Deli olmak ile dahi olmak arasındaki ince çizgiye vurgu yapan eserimiz ,Felsefe doktoru Andrey Vasiliç Kovrin adlı kahramanımızın hayatı üzerinden yapıyor bizlere bu vurguyu.
Kahramanımızın hayatı gerçek hayatta şahit olabileceğimiz ya da direkt kendi hayatımız dahi olabilecek bir nitelikte. Çünkü başarı ve fazla ilgi çoğu insanı apayrı dünya ve düşüncelere sürükler. Daha iyisi olmak, en iyisi olmak istenir böyle durumlarda. Belki de sürekli pohpohlanmak. Kovrin'in de bu durumdan muzdarip olduğuna inanıyorum. Yıllarca okumuş, başarılar elde etmiş kendisi. Hatta belki dahi bile denilebilir Kovrin için.
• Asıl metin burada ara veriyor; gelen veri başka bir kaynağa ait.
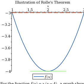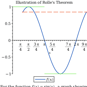 The routine RollesTheorem takes an expression representing the function, checks that the requirements of the theorem hold, and then plots the expression and all points where the derivative is zero.
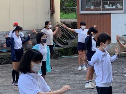 ラジオ体操をしています。

Çünkü kara keşiş ile konuştuğu zaman onun kendi hayal dünyasının bir ürünü olduğuna kanaat getiriyor ama kara keşiş ona tatmin edici sözler söylediği için var olduğuna inanmayı tercih ediyor. Ve işte orada dahiliğin bir adım ötesine, deliliğe giriş yapıyor.
Sade anlatımı , yer yer göndermeleriyle keyifli bir okuma sağlıyor. Ayrıca her zaman bir sonraki satırda olanları bilmenin merakını kamçılayarak yazar, kitabı elimizden düşürmemize izin vermiyor.